• **Recorded information**:

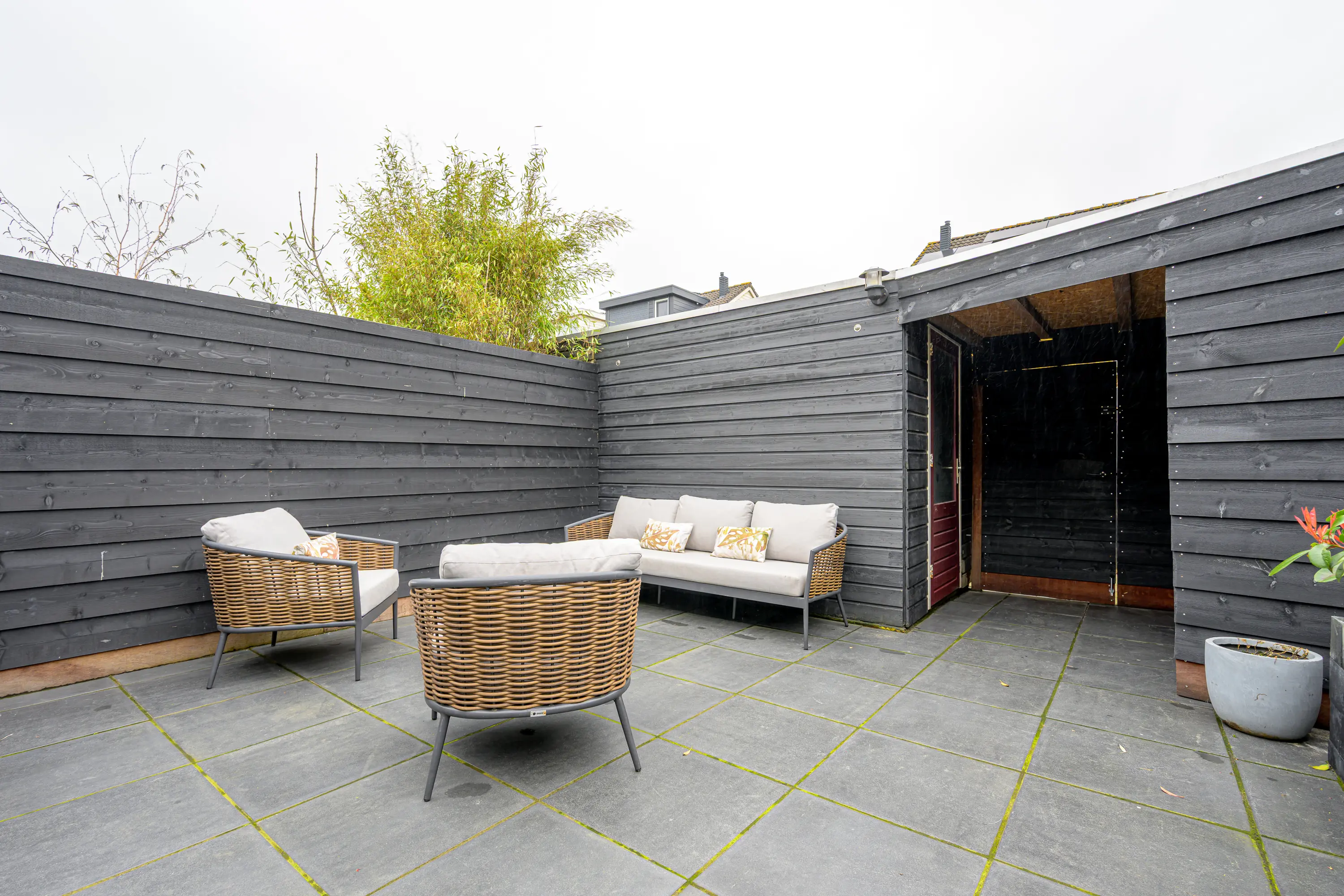 Tuin: De ruime achtertuin is zeer recent keurig aangelegd en voorzien van sierbestrating. De achtertuin is via een achterom te bereiken en dat is natuurlijk prettig. In de houten berging is voldoende ruimte aanwezig voor het stallen van fietsen en het opbergen van uw tuingereedschap. De overkapping zorgt voor een droge entree naar de schuur. De voortuin is niet lang geleden bestraat en aangelegd. Deze is voorzien van sierbestrating, houten hekwerk en stenen plantenbakken. Een keurig geheel!
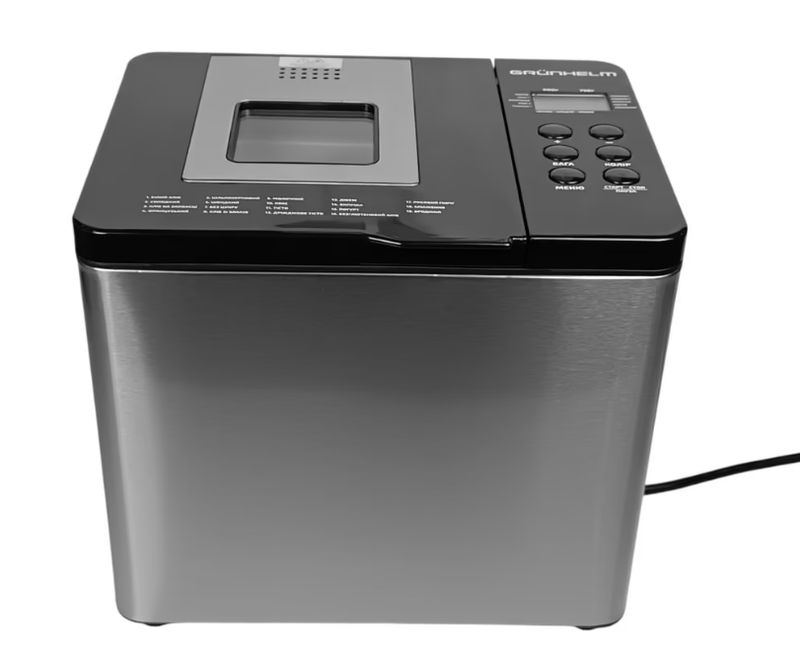 Основные характеристики Потребляемая мощность, (Вт) 550 Вт Максимальный вес выпечки 750 г Материал корпуса Нержавеющая сталь Пластик Количество программ 19 Замес теста Так Выбор цвета корочки Так Особенности Дисплей Таймер отсрочки старта Смотровое окно Комплектация Хлебопечка Форма для выпечки Мерная ложка Лопатка для замешивания Крючок для извлечения формы Инструкция Гарантийный талон Габариты (ВхШхГ) 26 х 28 х 23 см Цвет производителя Серебристый с черным Вес 5,3 кг Гарантийный срок 1 год Бренд Grunhelm
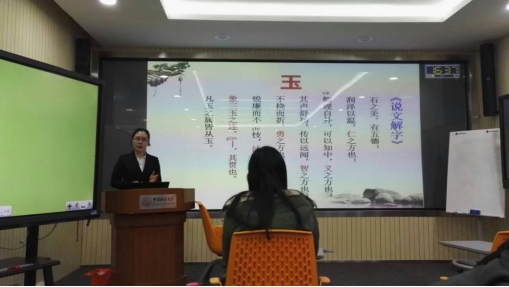 黑料网 中文教研室张文老师主讲《<说文解字>玉部字与中国传统文化》,她深入浅出地讲解了“玉”及其背后的文化内涵,引人入胜。

• **What to produce**:
Copy all the material exactly; omit images.

• **Reply to the exercise**:
 Tuin: De ruime achtertuin is zeer recent keurig aangelegd en voorzien van sierbestrating. De achtertuin is via een achterom te bereiken en dat is natuurlijk prettig. In de houten berging is voldoende ruimte aanwezig voor het stallen van fietsen en het opbergen van uw tuingereedschap. De overkapping zorgt voor een droge entree naar de schuur. De voortuin is niet lang geleden bestraat en aangelegd. Deze is voorzien van sierbestrating, houten hekwerk en stenen plantenbakken. Een keurig geheel!
 Основные характеристики Потребляемая мощность, (Вт) 550 Вт Максимальный вес выпечки 750 г Материал корпуса Нержавеющая сталь Пластик Количество программ 19 Замес теста Так Выбор цвета корочки Так Особенности Дисплей Таймер отсрочки старта Смотровое окно Комплектация Хлебопечка Форма для выпечки Мерная ложка Лопатка для замешивания Крючок для извлечения формы Инструкция Гарантийный талон Габариты (ВхШхГ) 26 х 28 х 23 см Цвет производителя Серебристый с черным Вес 5,3 кг Гарантийный срок 1 год Бренд Grunhelm
 黑料网 中文教研室张文老师主讲《<说文解字>玉部字与中国传统文化》,她深入浅出地讲解了“玉”及其背后的文化内涵,引人入胜。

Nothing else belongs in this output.